4. Eligible Participants
The following entities shall be eligible to undertake repo transactions in
corporate debt securities:
a. Any scheduled commercial bank excluding RRBs and LABs;
b. Any Primary Dealer authorised by the Reserve Bank of
India;
c. Any non-banking financial company registered with the
Reserve Bank of India (other than Government companies
as defined in section 617 of the Companies Act, 1956);
d. All-India Financial Institutions, namely, Exim Bank,
NABARD, NHB and SIDBI;
e. Other regulated entities, subject to the approval of the
regulators concerned, viz.,
i.

Any mutual fund registered with the Securities


and Exchange Board of India;

ii.

Any housing finance company registered with


the National Housing Bank; and

iii.

Any insurance company registered with the


Insurance Regulatory and Development
Authority

f. Any other entity specifically permitted by the Reserve Bank


5. Tenor
Repos in corporate debt securities shall be for a minimum period of
one day and a maximum period of one year.
6. Trading
Participants shall enter into repo transactions in corporate debt
securities in the OTC market.
7. Reporting of Trades
a. All repo trades shall be reported within 15 minutes of the
trade on the FIMMDA reporting platform.
b. The trades shall also be reported to any of the clearing
houses of the exchanges for clearing and settlement.
8. Settlement of trades
a. All repo trades in corporate debt securities shall settle
either on a T+1 basis or a T+2 basis under DvP I (gross
basis) framework.
b. Repo transactions in corporate debt securities shall settle
in the same manner as outright OTC trades in corporate
debt securities.
c. On the date of reversal of repo trades, the clearing houses
shall compute the obligations of the parties and facilitate
settlement on DvP basis.
9. Prohibition on sale of repoed security
The security acquired under repo shall not be sold by the repo buyer
(lender of the funds) during the period of repo.
10. Haircut
a. A haircut of 25% (or higher as maybe decided by the
participants depending on the term of the repo) shall be

applicable on the market value of the corporate debt security


prevailing on the date of trade of 1st leg.
b. Participants may refer to the rating-haircut matrix that may be
published by the Fixed Income Money Market and Derivatives
Association of India (FIMMDA), to determine the appropriate
haircut.
11. Valuation
For arriving at the market value of the corporate debt security, the
participants undertaking repo in corporate bonds may refer to the
credit spreads published by the FIMMDA.
12. Capital Adequacy
The repo transactions in corporate debt securities shall attract capital
charge.
13. Disclosure
The details of corporate debt securities lent or acquired under repo or
reverse repo transactions is required to be disclosed in the Notes on
Accounts to the Balance Sheet.
14. Accounting
The repo transactions in corporate debt securities shall be accounted
as per the revised guidelines on uniform accounting for repo/reverse
repo transactions in Government securities, which is expected to be
issued separately.
15. Computation of CRR/SLR & borrowing limit
a.
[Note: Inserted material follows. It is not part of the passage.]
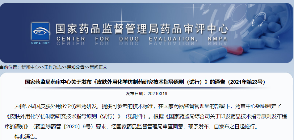 關(guān)于發(fā)布《皮膚外用化學(xué)仿制藥研究技術(shù)指導(dǎo)原則(試行)》的通告(2021年第23號(hào))
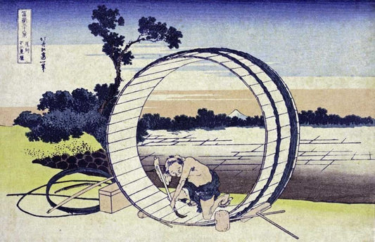 Fields In Owari Province White Modern Wood Framed Art Print with Double Matting by Hokusai

The amount borrowed by a bank through repo shall be reckoned
as part of its Demand and Time Liabilities (DTL) and the same
shall attract CRR/SLR .
b. The borrowings of a bank through repo in corporate bonds shall
be reckoned as its liabilities for reserve requirement and, to the
extent these liabilities are to the banking system, they shall be
netted as per clause (d) of the explanation under section 42(1)
of the RBI Act, 1934. Such borrowings shall, however, be subject
to the prudential limits for inter-bank liabilities.

16. Documentation
The participants shall enter into bilateral Master Repo Agreement as
per the documentation finalized by the FIMMDA.

***

(This update will be useful for the candidates who are appearing for
Treasury management subject).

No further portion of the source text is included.